Most people only have to face one of those life-changing things at a time, and if they are lucky they have the person who meant the most to them to support them through the challenge.

So, maybe it’s the impact of facing both simultaneously and the feeling, every morning, that I’m being hit by a double decker bus, that has naturally brought me to a place where at night I lay my head on my pillow and I pray.

It is not on purpose. I’ve never done it before and sometimes I don’t realise I’m doing it until I hear myself inside my head.

I’m not sure who I’m talking to, I’m not sure you can even call it praying, but the voice in my head is certainly asking someone, or something, to help.

It is going out on a whim and asking to make my dad better, to end his pain, and not to rob me of the time I so desperately want to share with him. I tell it I’ll do anything if it can just do this one thing for me.
Sometimes it’s angry and it asks ‘‘why me?’’

A lot of what I ask for is selfish, and it comes from a place that I’ve never been before, a hopeless, frightened and exhausted place, where logical thinking and reality has run out.

I know that because in normal circumstances I wouldn’t be inside my head asking for help. I’d be rolling up my sleeves ‘‘not being ridiculous’’ , "toughening up” and "getting on with it’’ as my dad would stoically advise.

I’ve never believed in a God in the formal sense, but I probably wouldn’t call myself a strident atheist either, or at least not in the faith-hating sense.

Faith to me, instead of a belief in a set of rules or a book, has always been more of a hope, a calm belief that things always work out, so it is best not to spend valuable emotional energy on worry.

I’ve never been taken by the ritualistic nature of any religion, the dos and the don’ts in order to be rewarded at the end.

But growing up I was surrounded by it, with one set of devoutly Catholic grandparents and culturally observant Jewish ones, I’ve always understood what having a religious faith was.

It was their faith that informed my strong respect for it, all be it along with a critical cynicism. I’ve admired religious people’s devout belief in something more important than themselves.

That selflessness, however naive I might have judged it to be, is something I think all people should aspire to. And instead of following religious tradition myself, I’ve identified values of both my cultural faiths that I admire and have tried to use them in my day-to-day life.

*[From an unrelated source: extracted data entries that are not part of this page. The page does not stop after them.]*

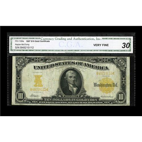 Fr. 1169a $10 1907 Gold Certificate CGA Very Fine 30. V Fr. 1169a $10 1907 Gold Certificate CGA Very
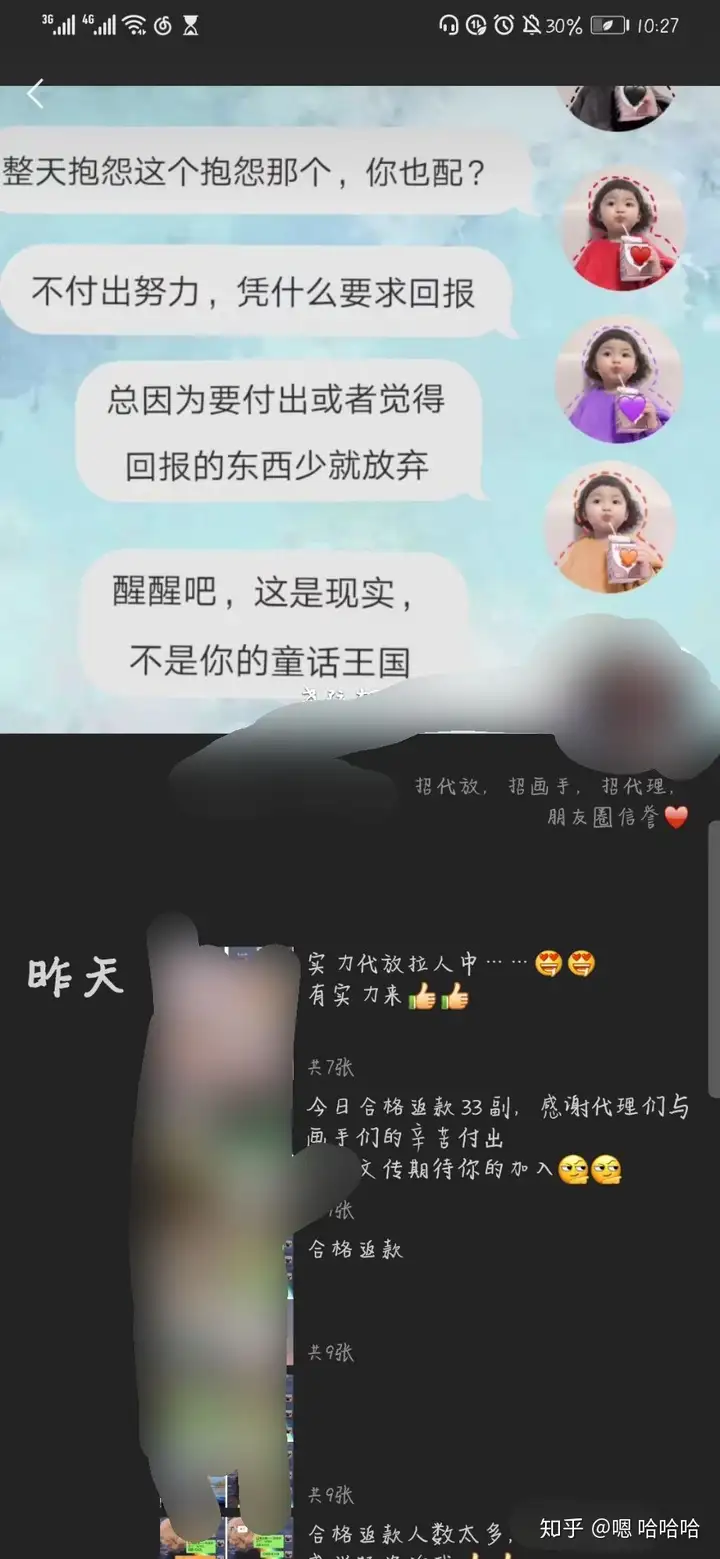 1、你说如果你们是骗子警察为什么不管?我想问你你脸怎么这么大?钻法律的空子还能得意成这样?你通过网络在南方骗北方网友的钱,在北方骗南方网友的钱,已经被骗了几百块钱的人难道愿意再买个来回机票去你那当地公安局报案嘛??2、你说做这个的人如果都被骗了你们怎么可能做这么久?当然不会骗所有人啊,你们那么聪明,总要有几个合格的,要不怎么钓别人?代理千千万,这个被举报了再用另一个呗,你们群里全是新人难道不好奇为什么嘛?(托除外)3、你说你们缺很多画手你的标准是机器画的标准,学美术的都知道那不叫艺术那是工具人,大量缺但是又不用机器画?除非你们是上个世纪来的不知道机器可以画画就这三个是我想说的别的有疑问就直接搜油画骗局,百度知乎b站哪都行,给你解释的明明白白的,一天天在那胡搅蛮缠,脸不红心不跳的说歪理,你要是真是就想钻这个空子赚这个脏钱咱也没办法,咱叫不醒装睡的人我写完这篇文章找我的人是真不少,在此我想告诉你们,好几个省的 已经备案了,工商方面也已经收到投诉,我相信投诉的人多了你们也蹦哒不了两天了,不是没人管只是还没查到你们,你们就觉得网络是法外之地呗?九年义务教育说了九年网络不是法外之地你记性可真差
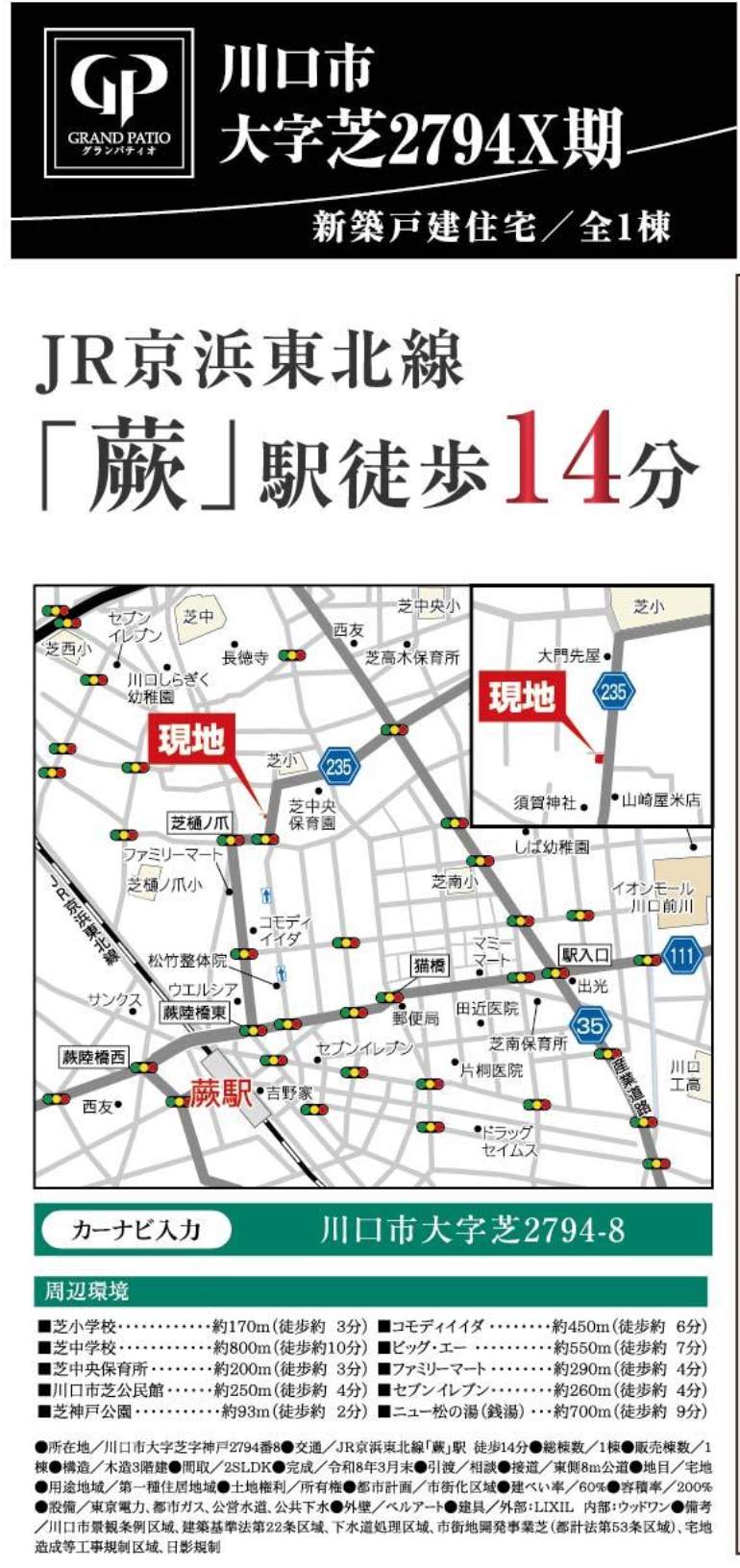 所在地 埼玉県川口市大字芝2794-8 新築戸建 仲介手数料無料 4180万円 更にお祝金最大20万円プレゼント付 蕨駅歩14分
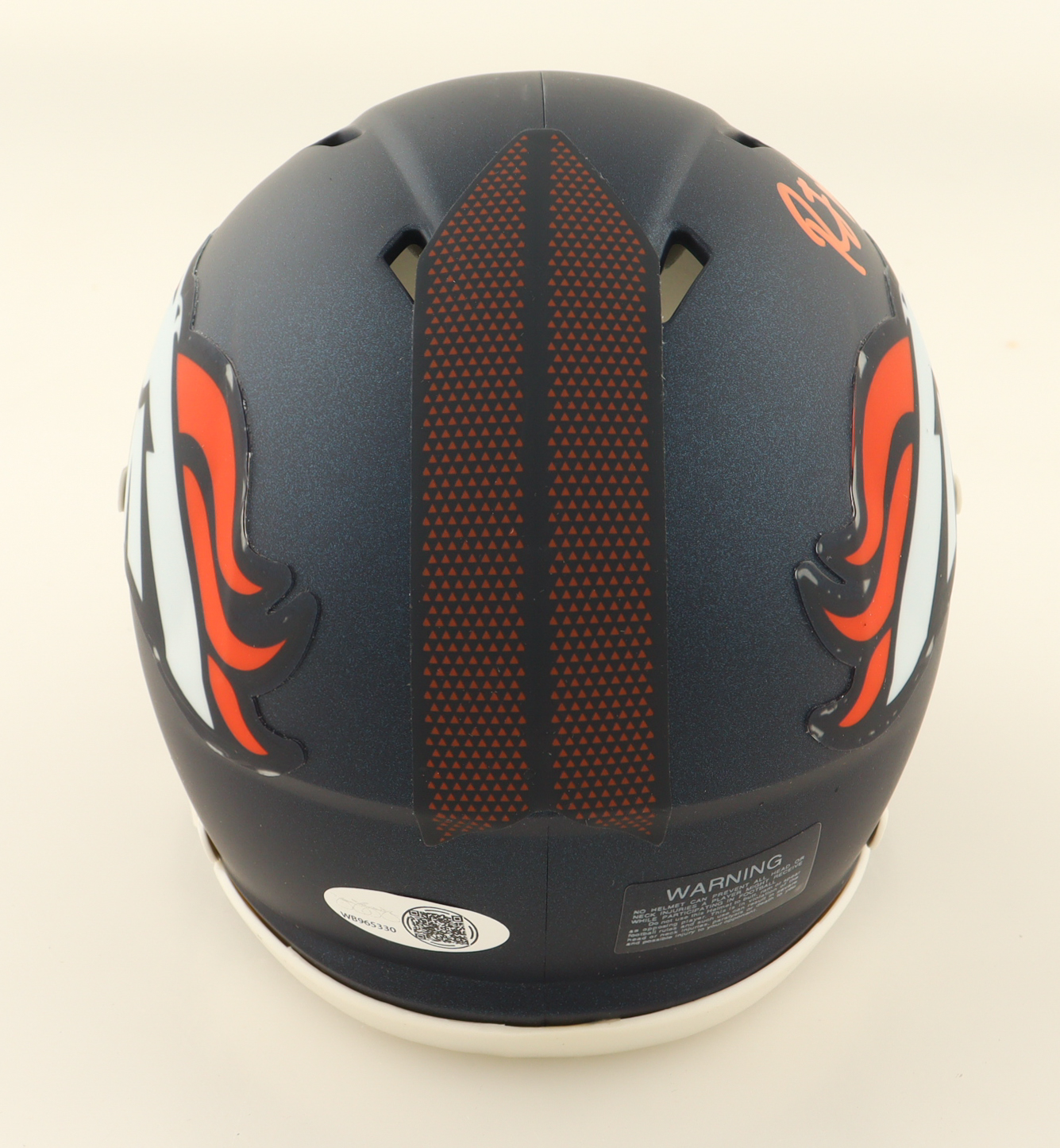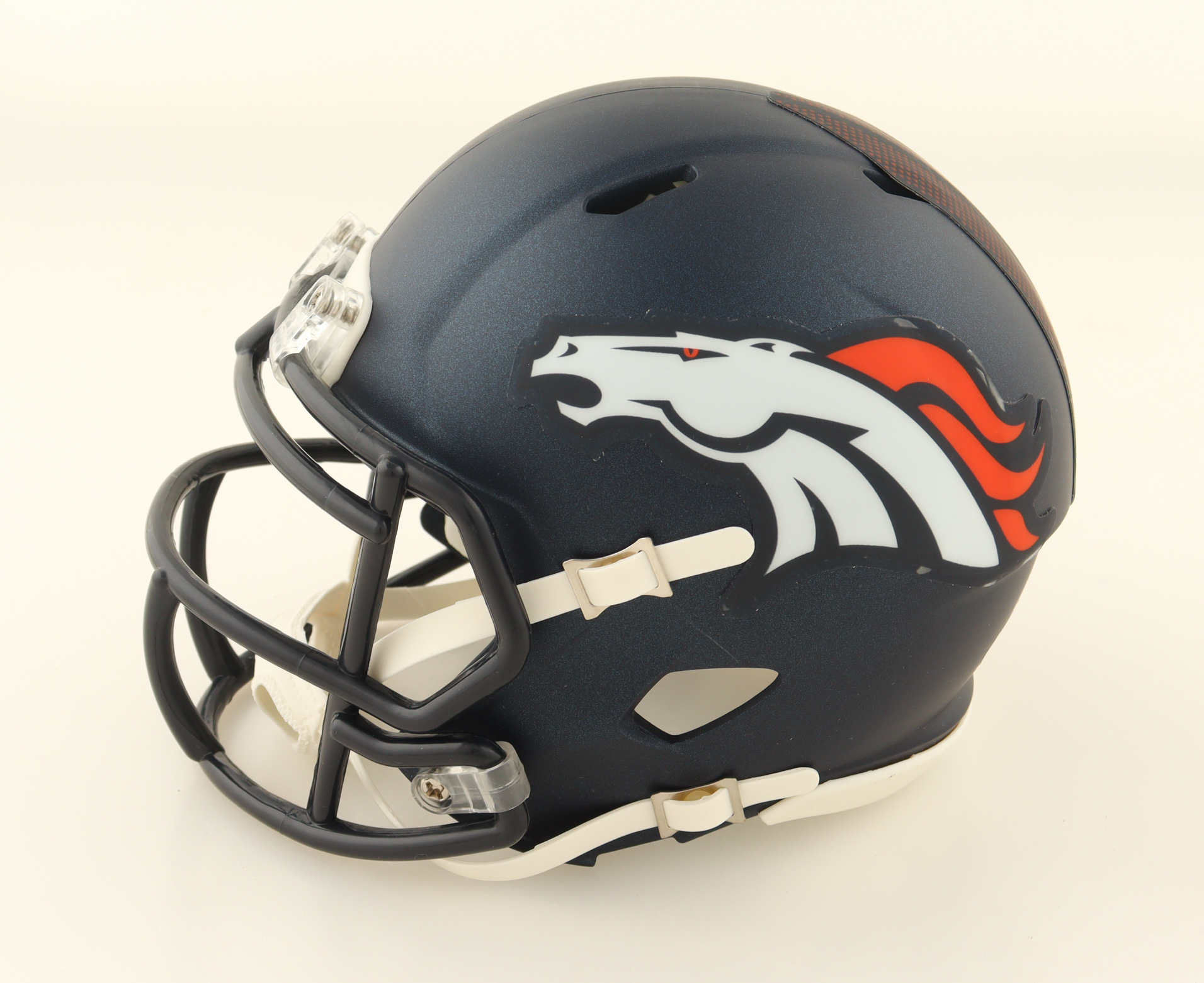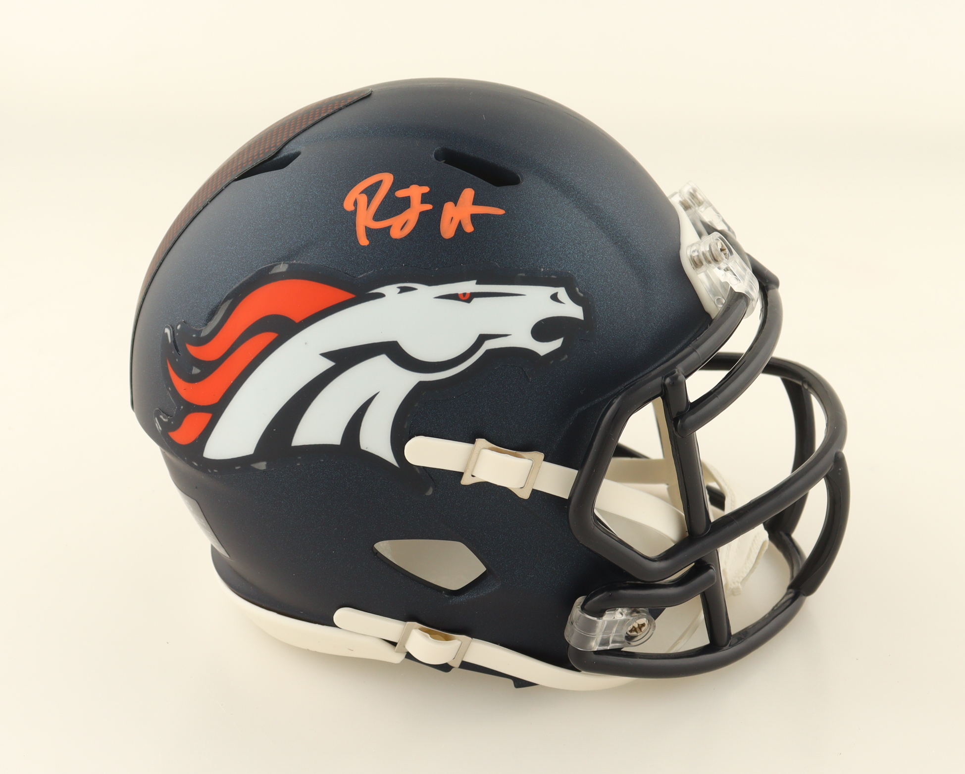 Riddell Denver Broncos speed mini helmet has been hand-signed by RJ Harvey.

While with them on holiday the dedication of my Irish Catholic grandparents to get up rain, sun or snow and go to an 8am mass while I hadn’t even had a shower always amazed me. It’s similar to the motivation that now gets me to a yoga class at 6am.

I was never interested in the hours that Jewish children my age put in to Hebrew classes, preparing for a batmitzvah, although I always quite fancied the party.

Some might say it is only those people who earn the right to pray when they hit rock bottom, and that I’m a hypocrite for finding myself in a dark place and asking just in case.

But it is the way life has the ability to humble you that has helped me to understand my faith a lot better and why even secular cynics like me turn to it when they are going through a hard time.

My everyday faith might not be the devoutly religious kind, based on a higher power, or the one that follows the rules, believes a book or belongs in one place.

It’s the food in tupperware with native dishes from cultures across the globe that has been hand delivered to my door.

It is the offer of a warm and loving home whose door is always open, it’s the family that when push comes to shove supports each other, and it’s the daily pep talks, true friendships and ‘‘just checking ins’’ that have covered me in a cloak of kindness and compassion, and given me, my faith.

And while some might say asking for anything extra is silly, I think what’s the harm?